The study is just the latest to find a connection between political party affiliation and deaths during the pandemic. But, it takes the connection a step further, going beyond county-level political leanings and looking at how party affiliation linked to deaths at the individual level. The authors—all researchers at Yale University—focused on Ohio and Florida because those were the only two states with readily available public data on voter registration.

The study involved death data on 538,159 people in Ohio and Florida, age 25 and older, and their linked voter registration files. The researchers did not have complete data—the linked data didn’t contain a cause of death or vaccination status. But, they could evaluate excess weekly deaths by age, state, county, and party affiliation. They found that the gap in excess deaths was larger in counties with lower vaccination rates, suggesting that lack of vaccination among Republican voters may partly explain the higher death rates.

Thus, they concluded “well-documented differences in vaccination attitudes and reported uptake between Republican and Democratic voters may have been factors in the severity and trajectory of the pandemic.”

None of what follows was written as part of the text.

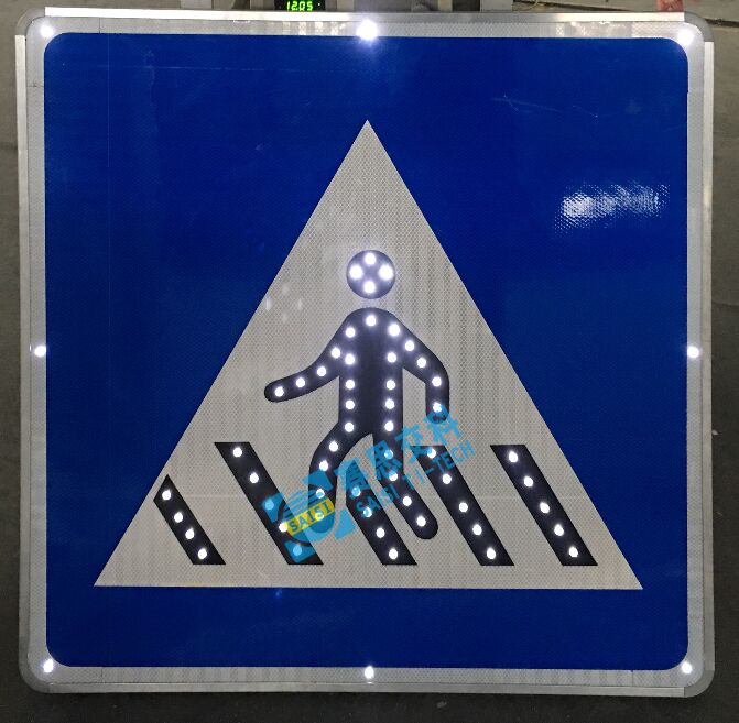 (3)注意行人發(fā)光警告標志(輔標"有人過街、注意禮讓")

But, of course, there are limitations. Political affiliation may be a proxy for other underlying risk factors, including medical conditions or socioeconomic status (although the gap in excess death rates only appeared after the vaccine rollout). The adherence to other health measures—social distancing and masking—may also contribute to the political divide. The researchers suggest more research will need to detangle all the possible factors.

In the meantime, they suggest that the increased health risks to Republicans could continue as the pandemic virus carries on. Although over 270 million Americans (81.4 percent) have received at least one dose, more than 50 million adults have not completed a primary series, putting them at higher risk of death and severe disease. Public health efforts moving forward should focus not just on booster campaigns for the vaccinated but also on addressing vaccine hesitancy and refusal among the unvaccinated. So far, over 1.1 million people in the US have died from COVID-19.